I'm looking for where I can find rotor hats for my MKII. Anyone know where I can find some?
I searched through the forum but didn't find what I was looking for(could have been searching for the wrong thing).
Thx in advance


----------



## greyhare (Dec 24, 2003)

*Re: 4x100 rotor hats? (Urieal)*

I don't have the AP racing part number handy right now but they do make one. (keep in mind it is designed to work with their rotors and calipers)
http://www.essexparts.com/ has custom hats.


----------



## Urieal (Nov 16, 2005)

*Re: 4x100 rotor hats? (greyhare)*

I appreciate it. I have been trying to contact Essex with very little luck(always put me on hold for a LOOONG time). If there is a premade 4x100 then I would look into that.
I'm looking to upgrade my G60 brakes to 12.3" rotors and use TT Calipers and pads. TT rotors won't work(5 lug) unless I drill the 4x100 holes...which I prefer not to do.
I would also not be opposed to AP calipers, although I am not sure which caliper would be used in a 12.3" rotor. The 5200 specs say the min. rotor size is 12.4" and the 5100 says max rotor size is 11.6"...I guess I could probably roll with a 12.4" rotor if I could find one.
The main reason I don't want anything larger is because I want to tuck it behind 16" wheels...don't want anything bigger than 16s


_Modified by Urieal at 12:51 PM 2-1-2007_


----------



## greyhare (Dec 24, 2003)

*Re: 4x100 rotor hats? (Urieal)*

12" (304mm) with 5100's








I will dig out the AP part number tonight.


----------



## Urieal (Nov 16, 2005)

ROCKIN! Those are beautiful!!!








let me know how to get these rockin on my G60 and I'll be a VERY happy man!!
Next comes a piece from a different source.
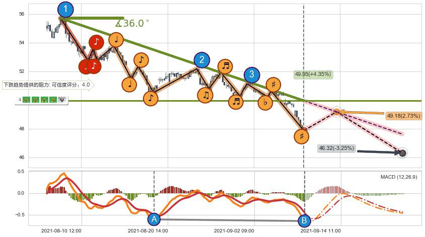 ➣ 预测:2021-09-20 15:00,【继续下探】稳定目前下跌趋势的前提下,预测价格:46.32

what carriers did you use?


----------



## SSj4G60 (Aug 13, 2001)

*Re: (Urieal)*

any more info ?


----------



## greyhare (Dec 24, 2003)

*Re: (SSj4G60)*

When I first put mine on the only ones for the 4x100 were like these with the one piece rotors. (16.5lb= ea.)
http://www.jngautosports.com/p...n.htm
http://www.eurospecsport.com/racebrake.htm
This is how i got the calipers and adapters.
I will dig up the part numbers for the hats and rotors.


----------



## SSj4G60 (Aug 13, 2001)

*Re: (greyhare)*

ive seen that kit, whole thing was i was weary about future rotor replacement


----------



## greyhare (Dec 24, 2003)

*Re: (SSj4G60)*

I didn't have any trouble finding the rotors. I originally bought the kit through a local VW shop and they were able to order rotors.
The numbers for the 2 piece AP rotors are:
Rotors - CP3837-230/31
Hats - CP2494-742
Bolt kit - CP2494-6
The original one piece rotors worked very well on the street but will develop cracks if used on the track.
The 2 piece rotors are very expensive; if you do not track your car they are not worth it.


----------